Submitted by Dan Faraldo in Customer Service, Industry News

The other day, we came across a post on a Twitter account belonging to author, Ian Jukes. It was a meme-like photo that read “The most dangerous phrase in the language is ‘we’ve always done it this way’.” Now, while there wasn’t much context to the tweet to speak of, the meme definitely hit a nerve with us. There’s no question it can be attributed to the ways in which companies provide customer service.

Jukes’ tweet highlights the “stuck in their ways” attitude that far too many business owners have. If you’re of the mind that no changes to your business are ever necessary, you’re severely hurting your brand. As time passes on, things change and therefore, policies must change when necessary. This is especially true if you’re encountering a growing number of customer complaints. Saying you’ve “always done it this way” simply won’t cut it.

Put yourself in your customers’ shoes.

How would you feel if you were your customers? Would you be satisfied with the service you’re receiving? Let’s suppose you run an auto body shop. And perhaps, ‘first come, first serve’ is a policy of your company. Therefore, when customers visit your location, they’re required to take a number.

If someone doesn’t hear his/her number being called, is he/she put to the back of the line or is his/her turn taken the second a spot becomes available? Furthermore, are customers able to book appointments in advance? If someone with an appointment enters your shop at his/her scheduled time, does he/she get service before the person who has been waiting for an hour?

Which policy would you prefer if you were a customer?

Ask your customers for their opinions. Getting the words straight from the horses’ mouths is arguably the best way to resolve customer conflict and ensure they remain loyal to your brand. If the customer with the appointment has to wait because someone else was “here first”, simply saying “we’ve always done it this way” won’t help your brand image.

“While regulatory and legislative changes may seem easy to enforce, most customers aren’t that interested in the reasons why something has to happen a certain way – they just want to have their needs met,” writes Gregg Brown on Entrepreneur.com, “Get your customers involved right from the beginning by testing out the changes with them.

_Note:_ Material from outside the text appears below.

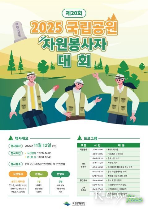 K-Classic News 기자 | 기후에너지환경부 산하 국립공원공단은 11월 12일 군산새만금컨벤션센터(군산 오식도동 소재)에서 제20회 국립공원 자원봉사자대회를 개최한다고 밝혔다.
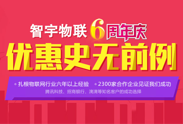 好消息好消息,智宇物聯6周年了, 期間好禮多多,活動不斷!快快咨詢吧!

Walk them through the changes and requirements while discussing benefits.”

Be honest with your customers.

Be clear about your customer policies. But also be flexible. Let your customers know that when they’re not satisfied with the customer service you’ve provided, you’re willing to consider changes to ensure their satisfaction in future.

“Be very clear with your customers about what they can expect through every step of their customer journey,” advises Brown, “Don’t be afraid to make it simple and spell it out for them. People going through all types of changes want to know what the future will hold, what will stay the same, and what will change.”